Andreas Ruhl: Ganz klar in der ersten Flüchtlingswelle 2015. Schwerin hat damals die meisten Flüchtlinge in Mecklenburg- Vorpommern bekommen. Wir haben innerhalb von 48 Stunden alles vorbereitet – Notunterkünfte, Essen, Kleidung, Medikamente und ganz viel auf Zuruf organisiert, etwa die Herrichtung einer Schule. Das war beeindruckend. Nachdem wir die Mitteilung vom Innenministerium bekommen hatten, mit wie vielen Flüchtlingen wir rechnen müssen, haben wir uns mit dem DRK, der AWO, der Polizeiinspektion und der Sozialamtsleiterin in einer Telefonkonferenz zusammengesetzt und kurzerhand besprochen, was wir alles brauchen. Und dann hat das funktioniert. Vom Bundesinnenministerium wurden wir für unsere Flüchtlingsarbeit sogar mehrfach ausgezeichnet.

hauspost: Wurden Sie deshalb in den Vatikan eingeladen, um über die Arbeit hier vor Ort zu sprechen?
Andreas Ruhl: Ja und das kam sehr überraschend. Auf persönliche Einladung des Papstes und der Deutschen Botschaft am Heiligen Stuhl durfte ich eine Rede über die Herausforderungen in der Flüchtlingsarbeit halten – vor sehr vielen Kamerateams, live. Das war eine großartige Erfahrung.

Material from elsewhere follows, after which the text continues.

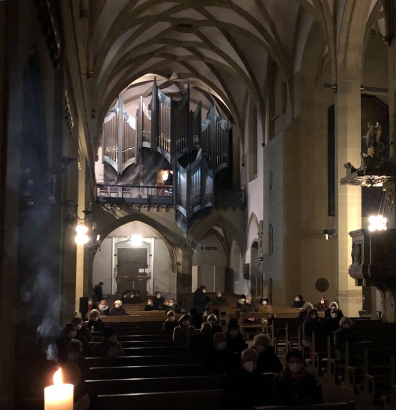 Hymnus (Dein Lob, Herr, ruft der Himmel aus), Psalm-Lied (Danket Gott, denn er ist gut), Antwortgesang, Magnificat, und Nunc dimittis in anrührender und stimmungsvoller Weise. Das kleine Ensemble von vier Stimmen füllte die große Kirche überzeugend mit ihrer differenzierten Darbietung.
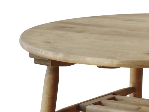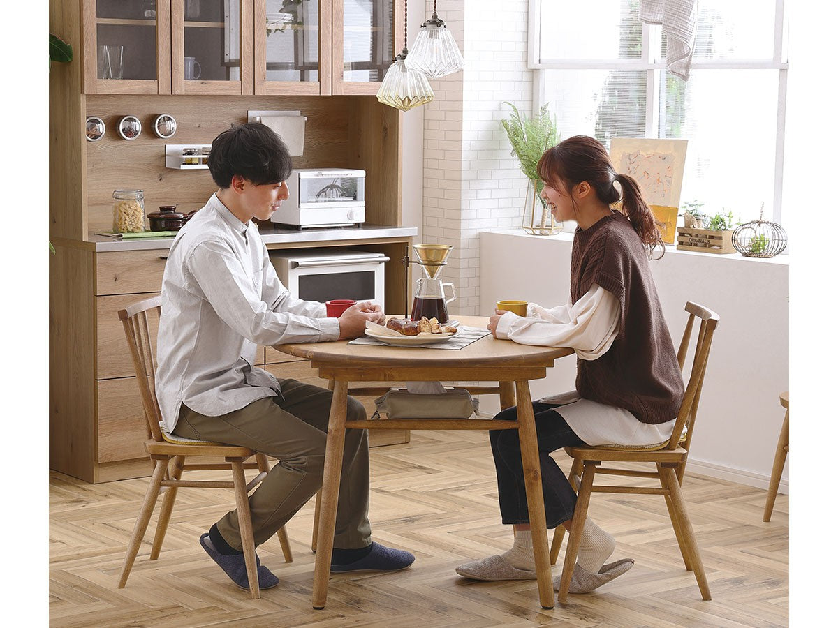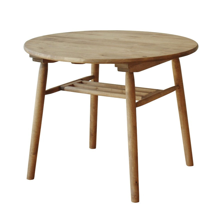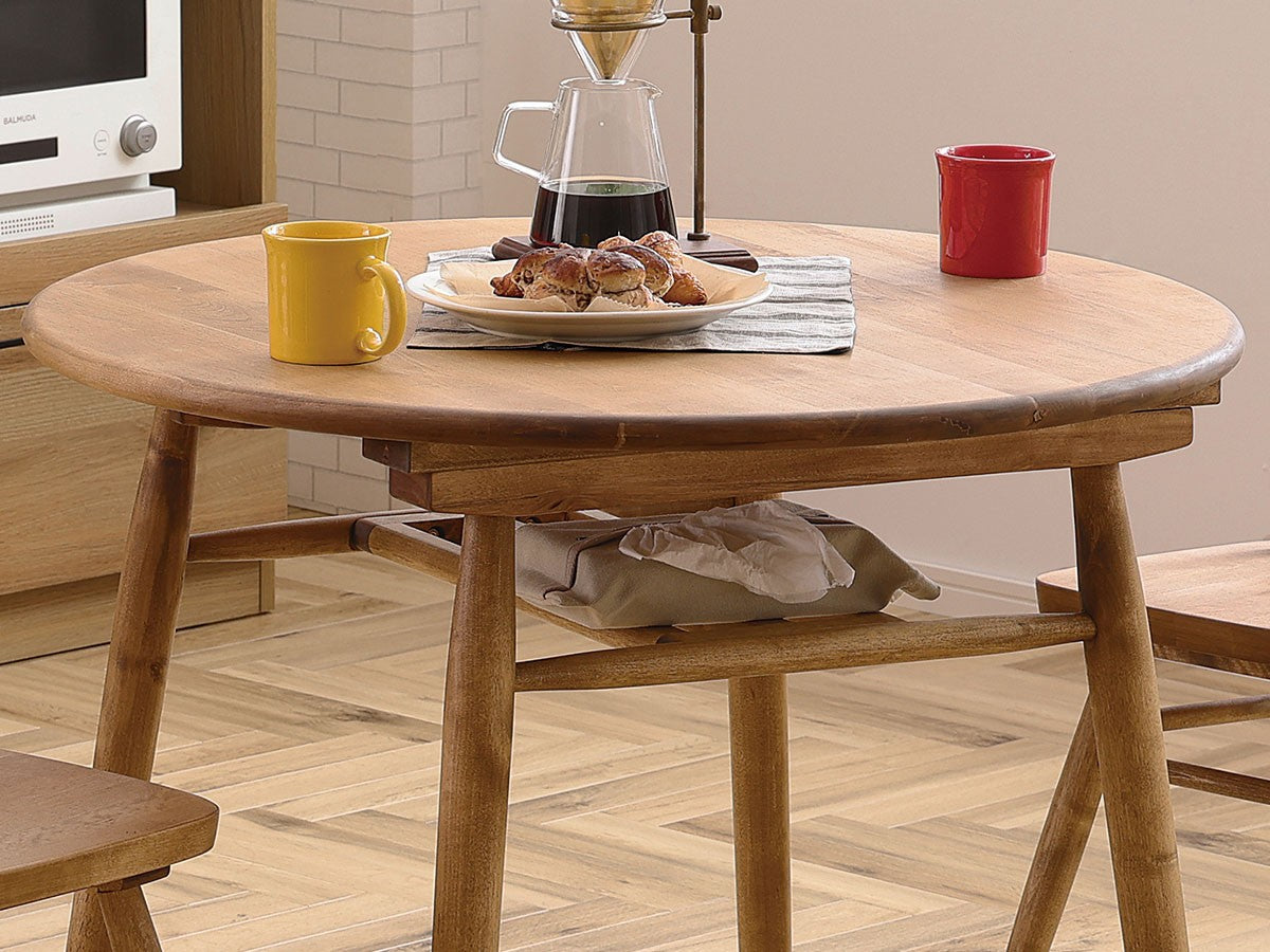 天板の縁に丸みのある面取りが施されたラウンドテーブル。中央をふっくらとさせた円柱状の脚部がより優しい印象を与えます。天板下の棚は、テーブルの上に散かりがちな雑誌や小物を片付ける際に活躍。食事の準備もスムーズに進みます。一人暮らしはもちろん、二人暮らしのコンパクトなダイニングにもおすすめです。

hauspost: Zurück nach Schwerin. Immer wieder arbeitet die Stadt mit den freien Trägern zusammen. Kann die Kommune alleine das nicht schaffen?
Andreas Ruhl: Ganz klar: Nein. Die Kommune kann nicht leisten, was unsere Träger der freien Wohlfahrtspflege leisten. Dafür fehlt es der Stadt einfach an Knowhow, an Personal und an Erfahrung. Ohne die freien Träger hätten wir diese ganzen Krisen – Flüchtlingswelle, Corona und andere – nicht gemeistert. Insofern finde ich Kritik an freien Trägern extrem pauschal. Gerade wenn ich sehe, was wir im Bereich der Kinder- und Jugendsozialarbeit zusammen geschafft haben – ein neuer Kinder- und Jugendclub Ost63, Verdopplung der Mittel für die Jugendsozialarbeit – das wäre ohne freie Träger nicht möglich gewesen. Schwerin kann stolz auf seine freien Träger sein.

hauspost: Warum werden dann aber nicht alle Projekte so schnell und unkompliziert umgesetzt? Welches Problem hat Schwerin?
Andreas Ruhl: Schwerin hat leider ein strukturelles Problem. Wir haben keinen Speckgürtel, wie Rostock, wo die besser Verdienenden wohnen und Steuern zahlen. Wir haben Ortsteile am Rand, wie das Mueßer Holz, mit bis zu 60 Prozent Kinderarmutsquote. Wir haben eine hohe Jugendarbeitslosigkeit. Kurzum: Wir haben eine problematische soziodemografische Struktur.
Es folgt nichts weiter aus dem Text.